A leading Chinese banker says China should make greater efforts to develop private equity funds.
Addressing the ongoing First China International Private Equity Forum held in Tianjin, Wu Xiaoling, vice governor of the People's Bank of China (PBOC), the country's central bank, said a multiple-tier capital market including private equity funds was urgently needed in China.
She said the country's capital market has "two soft ribs" -- the corporate debt market and the private equity market.
Slow development of the corporate debt market made it hard for firms to optimize their debt and capital structure and an under-developed private equity market made it difficult to provide resources for good listed companies, she explained.
Article 50 of China's Securities Law says that a limited liability company must meet two requirements in order to go public.
The total capital of the company should be no less than 30 million yuan, and public share capital should represent no less than 25 percent of the company's entire capital assets. Companies whose total capital exceeds 400 million yuan should make no less than 10 percent available for public subscription when going public.
"It is very difficult for companies to meet the two conditions, " said Wu, "so companies are well-advised to raise money on the private equity market before going public."
Wu believed private equity funds were a catalyst for upgrading the value of an enterprise.
She said that high deposit savings, improvements to the financial environment such as the state-owned stake structure reform, and improved laws and regulations had provided favorable conditions for the country to speed up the development of a multiple-tier capital market.

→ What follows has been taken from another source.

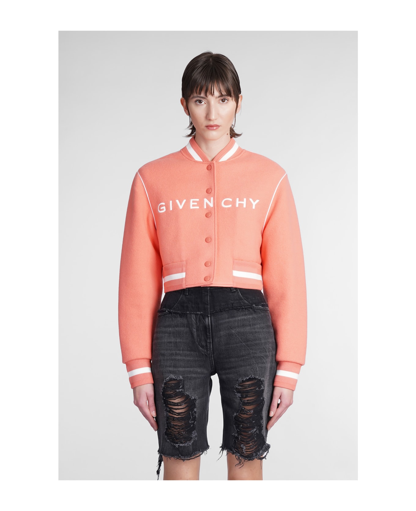 Bomber in rose-pink wool, crop cut, long sleeves, ribbed cuffs and bottom, frontal buttoning, pockets, front logo, 100% lambskin, Made in China, Model is 180 cm and wear a size S

Wu believed the government should concentrate efforts on training high-quality administrative personnel to manage mutual fund companies, allow financial organizations to participate in private equity funds, and ensure that private equity funds have exit channels.

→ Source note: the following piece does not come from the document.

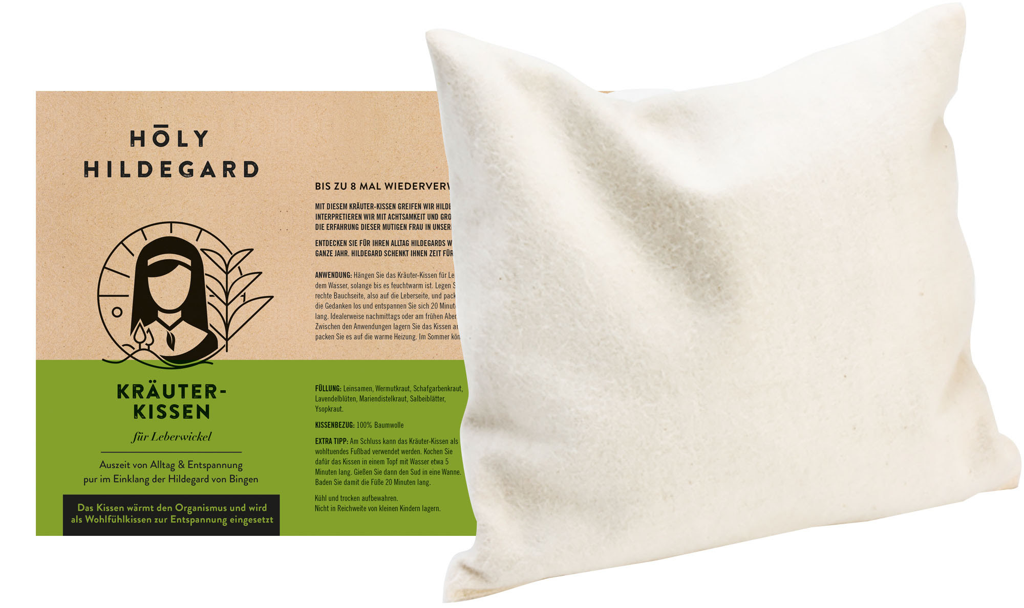 Das Kräuterkissen (16,99 Euro), das die ätherischen Öle von Schafgarbe, Mariendistel, Ysop und weiterer wohltuender Kräuter enthält, einfach in ein Sieb legen und über einen Topf mit kochendem Wasser positionieren, bis es feuchtwarm ist. Dann das Kräuterkissen auf die rechte Bauchseite, also auf die Leber, legen und sich selbst für 20 Minuten warm einpacken. Dieses Prozedere an sieben aufeinanderfolgenden Tagen wiederholen. Zwischen den Anwendungen das Kissen einfach an der Luft trocknen lassen.

China has become a place of choice in the Asia-Pacific region for overseas private equity funds. Statistics show that by December 2006, investments by private equity funds in the Chinese mainland had reached 13 billion yuan.
Tianjin has been in the spotlight since March 2006 when the State Council, China's central government, approved a plan to locate the country's third financial center in Tianjin's Binhai New Area.
The other two are Shenzhen in south China's Guangdong Province and Pudong New Area in Shanghai.